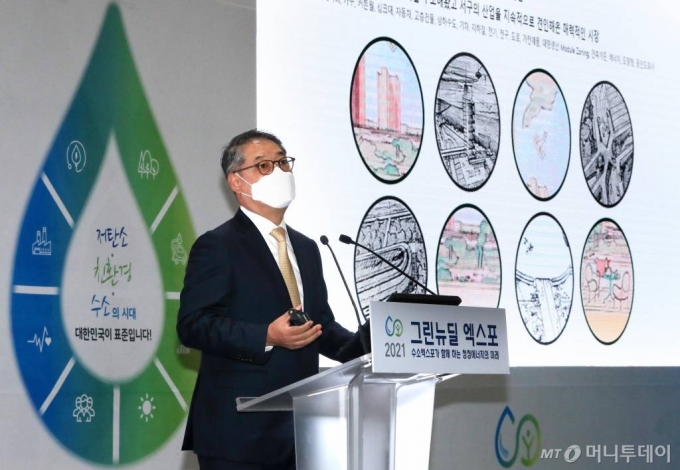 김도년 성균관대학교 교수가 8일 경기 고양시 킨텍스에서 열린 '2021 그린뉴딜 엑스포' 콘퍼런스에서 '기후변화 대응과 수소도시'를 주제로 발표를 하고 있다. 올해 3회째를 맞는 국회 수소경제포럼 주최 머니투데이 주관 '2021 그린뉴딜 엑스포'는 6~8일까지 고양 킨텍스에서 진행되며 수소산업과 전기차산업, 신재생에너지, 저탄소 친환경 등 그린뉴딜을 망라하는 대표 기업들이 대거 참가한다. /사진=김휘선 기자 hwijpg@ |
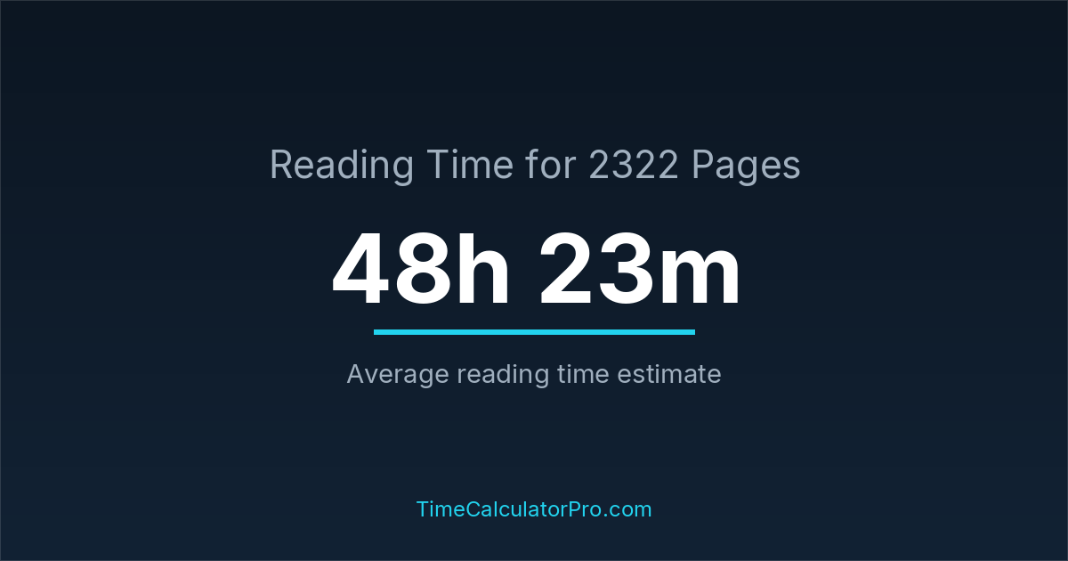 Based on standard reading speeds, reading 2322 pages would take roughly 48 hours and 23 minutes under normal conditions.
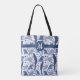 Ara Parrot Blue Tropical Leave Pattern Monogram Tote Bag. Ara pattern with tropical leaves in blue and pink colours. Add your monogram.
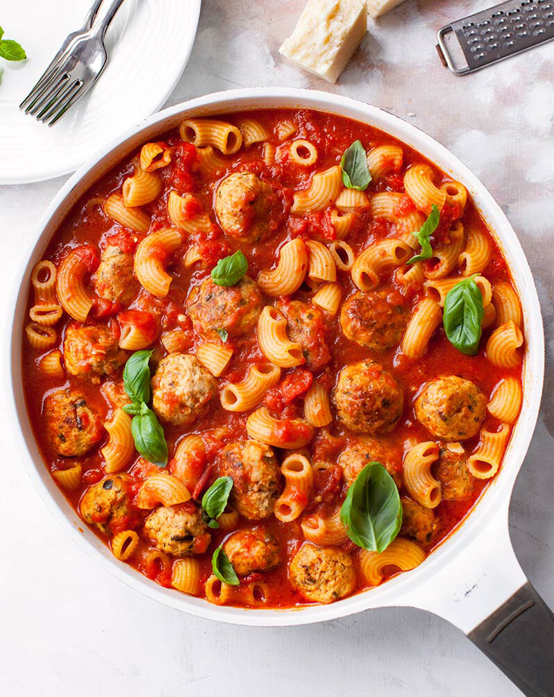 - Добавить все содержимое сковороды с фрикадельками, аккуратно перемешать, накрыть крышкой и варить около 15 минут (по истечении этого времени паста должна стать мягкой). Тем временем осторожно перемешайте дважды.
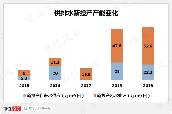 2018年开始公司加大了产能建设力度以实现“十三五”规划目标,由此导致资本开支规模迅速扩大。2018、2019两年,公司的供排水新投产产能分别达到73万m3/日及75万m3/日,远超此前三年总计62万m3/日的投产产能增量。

==============================

- Task goal -
Output every entry exactly as given; pictures are not part of the copy.

- Output of the task -
 김도년 성균관대학교 교수가 8일 경기 고양시 킨텍스에서 열린 '2021 그린뉴딜 엑스포' 콘퍼런스에서 '기후변화 대응과 수소도시'를 주제로 발표를 하고 있다. 올해 3회째를 맞는 국회 수소경제포럼 주최 머니투데이 주관 '2021 그린뉴딜 엑스포'는 6~8일까지 고양 킨텍스에서 진행되며 수소산업과 전기차산업, 신재생에너지, 저탄소 친환경 등 그린뉴딜을 망라하는 대표 기업들이 대거 참가한다. /사진=김휘선 기자 hwijpg@ |
 Based on standard reading speeds, reading 2322 pages would take roughly 48 hours and 23 minutes under normal conditions.
 Ara Parrot Blue Tropical Leave Pattern Monogram Tote Bag. Ara pattern with tropical leaves in blue and pink colours. Add your monogram.
 - Добавить все содержимое сковороды с фрикадельками, аккуратно перемешать, накрыть крышкой и варить около 15 минут (по истечении этого времени паста должна стать мягкой). Тем временем осторожно перемешайте дважды.
 2018年开始公司加大了产能建设力度以实现“十三五”规划目标,由此导致资本开支规模迅速扩大。2018、2019两年,公司的供排水新投产产能分别达到73万m3/日及75万m3/日,远超此前三年总计62万m3/日的投产产能增量。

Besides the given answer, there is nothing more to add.